Making an offer on the home of your dreams has the potential to turn into a nightmare… if the offer goes sour. A trusted realtor can help ensure you take a calm—and strategic— approach during negotiations, one of the most critical parts of the home-buying process. Below are some tips to ensure you are making the best, most confident offer possible when it’s time to step up to the plate.
Identify The Seller’s Motivation
It helps to know what motivates the seller beyond simply moving the property. For some, the only motivating factor is money. For instance, in a sellers’ market, a seller knows he can get top dollar for his home and he’s willing to wait for the best offer. Conversely, if a seller is more motivated by terms (Is he under pressure to sell for financial reasons? Does he want to downsize, or need room to grow?), the seller might lower the price for you to fund any identified needed repairs.
Determine The Market Value
Putting a value on your home doesn’t have a strict set of parameters. The value depends on a number of factors, like the age of the house, the square footage, the number of baths and bedrooms, whether the home appears well-kept and modern, as well as the school district/location.
A professional agent has easy access to the public records on price per square foot and average sales prices for recent purchases in the area.

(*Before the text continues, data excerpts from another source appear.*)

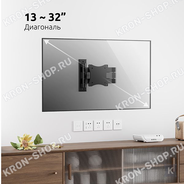 Настенный поворотно-наклонный кронштейн для небольших телевизоров и мониторов с диагональю от 13 до 32 дюймов.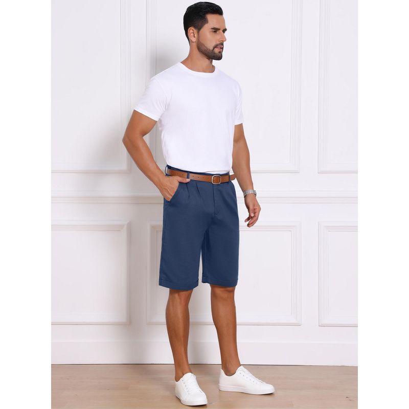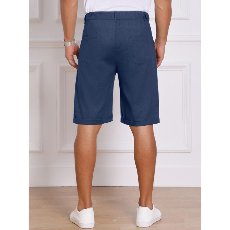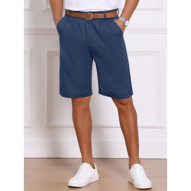 INSPIRE CHIC Men's Linen Pleated with Pockets Above Knee Casual Shorts 34 Dark Blue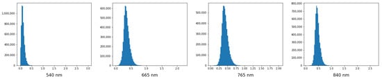 Lack of preliminary analysis (checking if probability distributions is normal) before applying Standardization can cause probability shifts and, as a result, a low discrimination threshold, as we can see on models that use Standardization (Table 6). Traditionally, an activation function of the last layer in binary classification neural networks is a sigmoid function. It converts a raw value from the network to a probability. If the value from the network is large and negative, then the probability will be close to 0. If thresholds are so low, it means that most probabilities are very close to 0, which in turn implies large negative output values from the network. In Figure 2 it can be seen that most spectral values after Standardization are in the range (−3, 1), so most values seen by the networks are negative. We suppose that this particular situation creates an imbalance that causes more negative values and a lot of near-zero probabilities at the end. Figure 11 depicts probability distributions of some wavelengths. As can be seen, they are not normally distributed, especially at the beginning and end of the spectra. This can be a reason for the imbalance, because a precondition for using Standardization is that all wavelengths have to be normally distributed. This opens the next future research directions: (1) an exclusion of outliers before wavelength scaling and (2) application of the Min-Max scaler after Standardization. This would return a standardized spectrum, but in the range 0–1, which could level out the imbalance.

While you can find the same yourself on real estate sites (like trulia.com or zillow.com), an agent typically has more experience navigating these sources.
Make Your Best Offer
Once you’ve found the house you want and know the market value, it’s time to make an offer. While prospective buyers usually aim to buy at bargain prices and make offers below asking rates, sellers have been seeing a steady rise in sales creeping closer to asking prices, reaching 98% of list price in 2015.
Why are sales approaching asking prices? You may not be the only bidder, meaning you may have to go head-to-head with another possible buyer. Most agents will have a good idea if your offer is likely to win, but it’s never an exact science; this means if you’re serious about the property you’re making an offer on, it’s best to put your best offer forward. Smart sellers will answer every offer, rejecting the lowest bids and countering the best ones.

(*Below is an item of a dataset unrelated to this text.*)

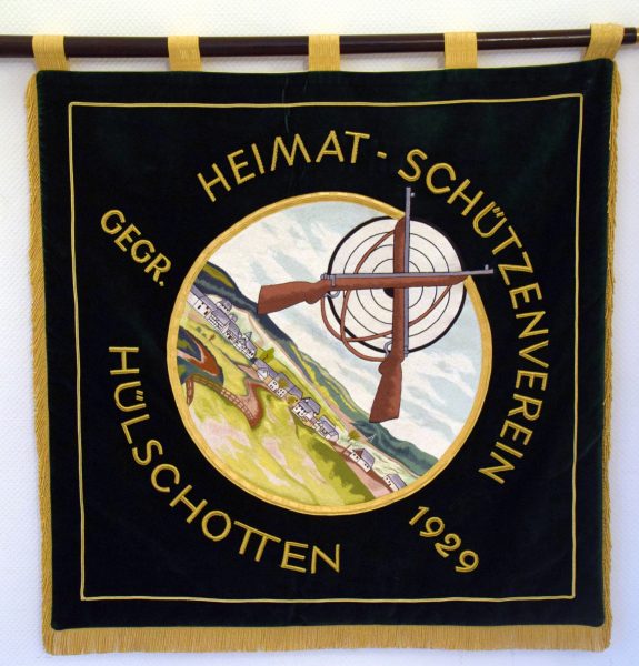 Die Vereinsfahne zeigt auf der einen Seite in einem goldenen Kreis auf samtgrünen Grund das Dorf Hülschotten. Über dem Dorf befinden sich im Himmel zwei sich kreuzende Gewehre mit einer dahinterliegenden Zielscheibe. Der Goldene Kreis wird umringt von dem Schriftzug „Heimat-Schützenverein Hülschotten“ und auf höhe des Dorfes horizontal umrandet von dem Schriftzug „Gegr. 1929“.

If you do end up competing against another potential buyer, consider earnest money (offering a deposit). This will show the seller you’re serious. Any willingness to offer the down payment, or part of it (in cash), will attract and hold the seller’s attention. Just be sure to make any offer contingent upon inspection (to ensure you’re not buying a problem property with unseen issues) and disclosure statements (if you haven’t received these documents yet; more on disclosure below).
Remember: the most appropriate offer is one you can afford. If increasing your bid to meet the seller’s demands leaves you financially strapped, it isn’t appropriate. Consult your financial institution to help you find the mortgage arrangement that best works for you.
Review Disclosure Documents and Reports
Once your offer is accepted, be sure you’ve reviewed all necessary paperwork. Disclosure informs the buyer of all the specifics of the home and their purchase, ultimately defining exactly what they are getting, and protects the seller from future liability. Requirements can vary from one jurisdiction to another but could include knowledge of a leaky roof or cracked foundation, or reporting work done with or without permits. A professional realtor will help you to complete any necessary documents and reports.
Disclosure does not necessarily include assessment or inspection, but if the seller has such reports, it must be indicated and provided to the buyer when the offer has been accepted (some will provide before an official offer). Most disclosure regulations are handled on the state level (with the exception of lead paint). While states vary and often change their rules, any licensed agent will be able to guide you through this process to ensure you are totally covered.
If you are going it alone, you will rely on the inspections and disclosures of the seller; both sides can cover their interests by signing a disclosure agreement.
Inspect The Home Before Completing The Purchase
Don’t just trust your eyes. Once your offer is accepted, order a professional home inspection.
Home inspections may reveal problems such as termites, mold and pests. Depending on the seriousness of the problem that’s discovered, a home warranty or reduction in price may be deemed appropriate by both the buyer and seller.
Consider a Seller Concession in Your Negotiations
Keep in mind: While the seller may close at what he considers an appropriate price, he still may make concessions in the buyer’s interest. These concessions can take various forms; for instance, the seller may pay for a licensed inspector or agree to repair problems identified by an inspector. Sellers may also agree to pay closing costs, concede taxes or fees paid in advance, cover appraisal fees, or offer decorating allowances.
If you’re working with a realtor, he or she can help you negotiate these requests and put them into your purchase contract. If you’re making the offer on your own, you’ll have to speak with the seller directly and make an agreement (in writing) that suits both of you.
Buyers and sellers reach agreements on their own every day. However, most transactions benefit from the input of a trained and licensed real estate agent, home inspector, broker or attorney. Buying a home can be stressful; consider using professional help to make your home ownership dreams a reality.